Figure 2: The co-culture of primary CLL cells with BMSC, CD40L and CpG ODN promotes an immunophenotype comparable to that from proliferating CLL cells found in PB. (A) PBMC from 40 patients diagnosed with CLL were used to analyze by FC the differential expression of CD38, CD49d, CD62L, CXCR4, CXCR5 and CCR7 in Ki-67-negative vs. positive CLL cells. (B) Primary CLL cells from 12 patients were cultured in suspension or in co-culture with BMSC, CD40L and CpG ODN for 48 hours and the expression ofCD38, CD49d, CD62L, CXCR4, CXCR5 and CCR7 were analyzed. (C) PBMC from 10 patients diagnosed with CLL were cultured in suspension or in co-culture with BMSC, CD40L and CpG ODN for 48 hours and the percentage of T cells and their expression levels of Ki-67, CD38 and CD69 were analyzed. (*P<0.05, **P<0.01, ***P<0.001, ns: non significant, paired T-test).

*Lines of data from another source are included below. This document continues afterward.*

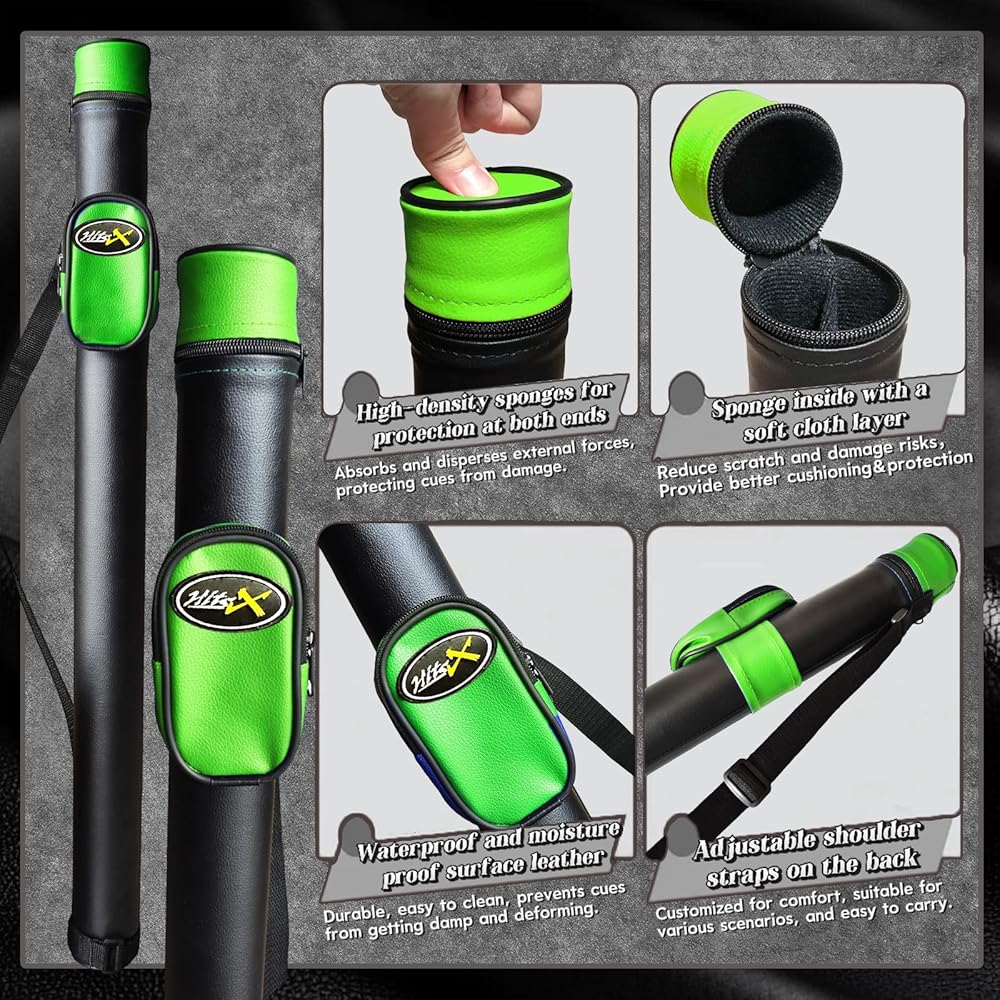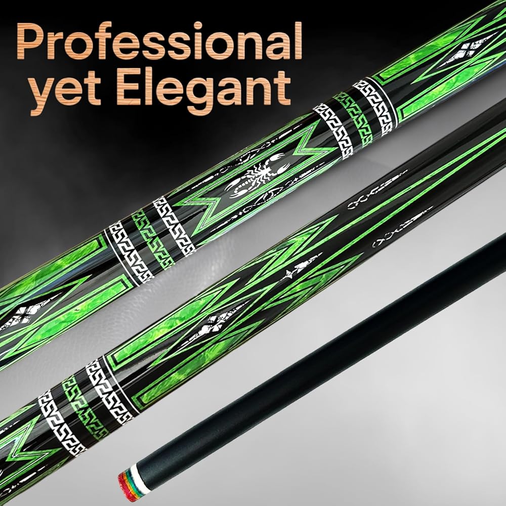 【All-in-One Premium Pool Set】Complete with 1 Professional Cue Stick, 1 Protective Case & 3 Essential Accessories. Perfect for Practice, Play, and Gifting. 【Specifications】Cue Length: 58 Inches (Tournament Standard); Tip: 13mm Multi-Layered Leather Tip for Enhanced Grip and Spin 【High-Performance Fiberglass Shaft】Experience superior control and accuracy. Our fiberglass shaft ensures efficient energy transfer, consistent elasticity, and rapid shape recovery. It offers outstanding durability, moisture resistance, and performs reliably in varying climates. 【Quick-Connect Joint】Easily assemble or disassemble your cue in seconds. Designed for convenience and portability without compromising stability. 【Premium Canadian Maple Butt】Crafted from A+++++ grade Canadian maple wood and finished with 10 layers of high-gloss varnish. This exquisite finish not only enhances the cue's appearance but also provides robust protection against warping and moisture. 【Protective Rubber Bumper】 Shield your cue from floor impacts and reduce wear. An essential detail for preserving the longevity and aesthetics of your cue.
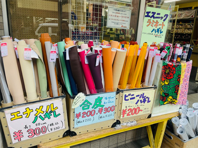 お店の外にはハギレコーナーがございます合皮やビニールなど種類も多数あり!
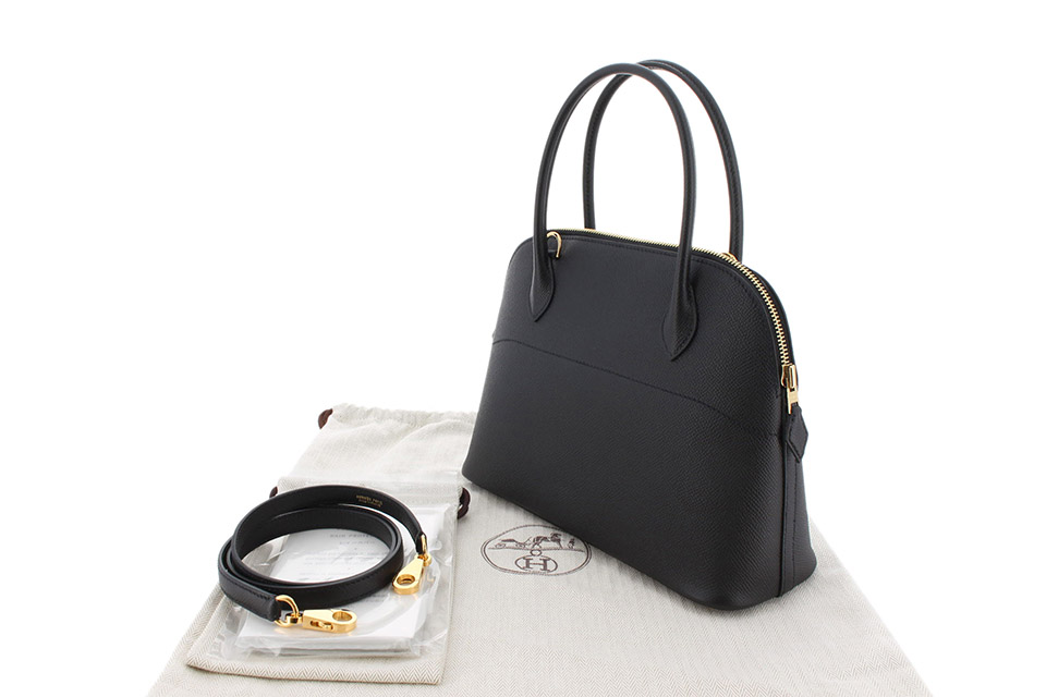 金具に小傷、内側にスレと型付きが見られますが、全体的に状態は綺麗です。箱・保存袋・ショルダーストラップ・レインカバーあり。
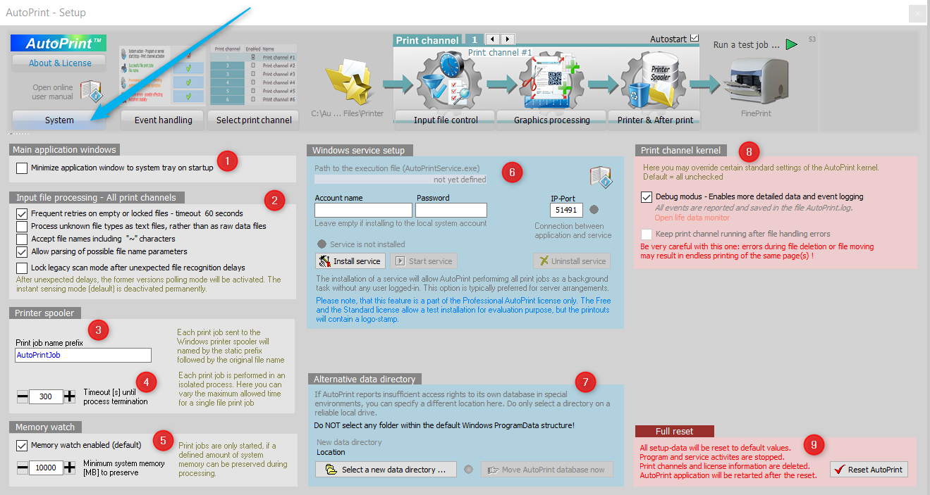 Open the System tab in the AutoPrint - Setup area:
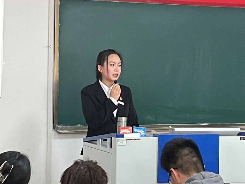 预备党员代表祝路云表示会时刻不忘自己作为一名新青年的使命和担当,持续深入学习党的十九届六中全会精神,不断武装自己的思想,把握时代方向,响应党积极推进科技自立自强的号召,树立专业自信,发挥专业才干,用马克思主义理论武装头脑,将实践观落到实处。善用所学,进一步领会和把握党的百年成就给予我们的重大启示和宝贵经验。
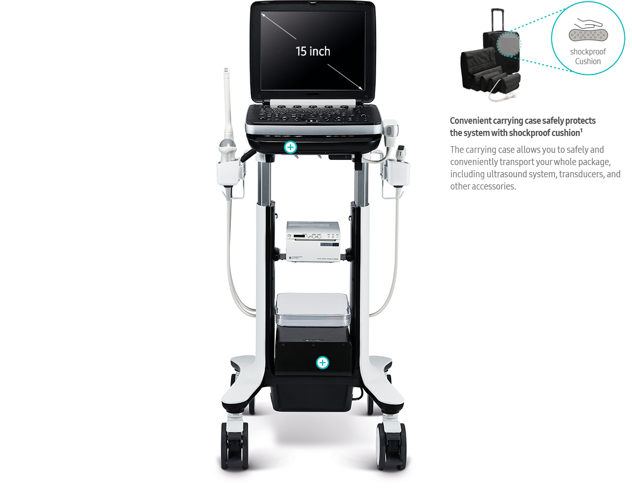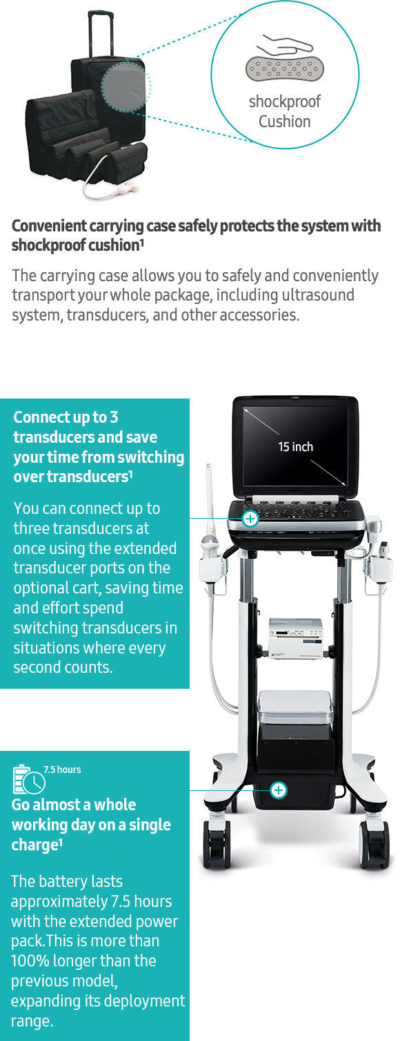 The carrying case allows you to safely and conveniently transport your whole package, including ultrasound system, transducers, and other accessories.
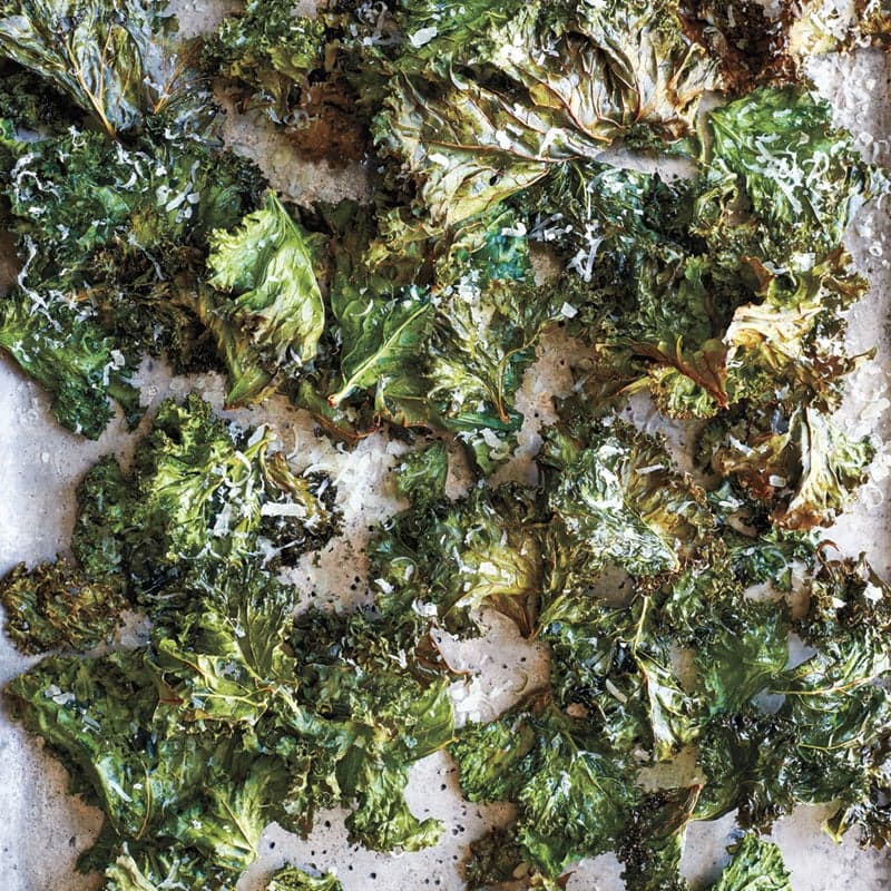 These chips are better than what you can buy and so much kinder on the wallet! Even better? They’re much easier to make at home than you may think. Crunchy, cheesy, and garlicky, they make a healthy salty snack, or you can branch out and try them crumbled over salads, soups, or casseroles. To achieve a super crispy texture, dry them well after rinsing. And don’t crowd them on one pan. Spread the leaves in a single layer between two pans so that they’ll cook evenly and won’t steam and wilt. Store them in airtight container—they’ll stay crisp up to 3 days.
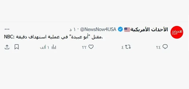 لا اخبارتؤكد ماتم زعمه من أخبار من قبل تلك الصفحة والصفحات الأخرى التي قامت بنشر تلك التغريدة, وتدالها العديد من النشطاء, وفي الحقيقة لا صحة لتلك الأخبار والشائعات التي تم نشرها بخصوص إغتيال ابو عبيدة.

The co-culture of primary CLL cells with BMSC, CD40L and CpG ODN promotes an immunophenotype comparable to that from proliferating CLL cells found in PB
As described above, we observed that the co-culture of primary CLL cells in conditions mimicking the microenvironment of the proliferative centers induced the proliferation of CLL cells in terms of Ki-67 expression, MTS-based cell proliferation assay and cell cycle entry. In order to compare the immunophenotype of proliferating CLL cells found in vivo with the ex-vivo stimulated CLL cells, we analyzed the modulation of the expression of CD38, CD49d, CD62L, CXCR4, CXCR5 and CCR7 in primary CLL cells after 48 hours of co-culture as compared to CLL cells in suspension (Figure 2B). Primary CLL cells in co-culture showed an increase in the expression of CD38, CD49d and CD62L (mean MFI of CD38 expression in co-culture vs. in suspension: 151.9±42.56 vs. 60.16±4.79, P<0.05; mean MFI of CD49d expression in co-culture vs. in suspension: 202.8±22.8 vs. 184.3±22.48, P<0.05; mean MFI of CD62L expression in co-culture vs. in suspension: 993.9±123.7 vs. 626.0±76.49, P=n.s.). In addition, co-culture of CLL cells induced a downregulation of the expression level of CXCR4 (mean MFI of CXCR4 expression in co-culture vs. in suspension: 247.6±41.23 vs. 741.0±160.3, P<0.001) while CXCR5 and CCR7 expression levels were not significantly modulated (mean MFI of CXCR5 expression in co-culture vs. in suspension: 1122±121.0 vs. 906.6±94.32, P=n.s.; mean MFI of CCR7 expression in co-culture vs. in suspension: 221.4±13.79 vs. 225.0±23.43, P=n.s.).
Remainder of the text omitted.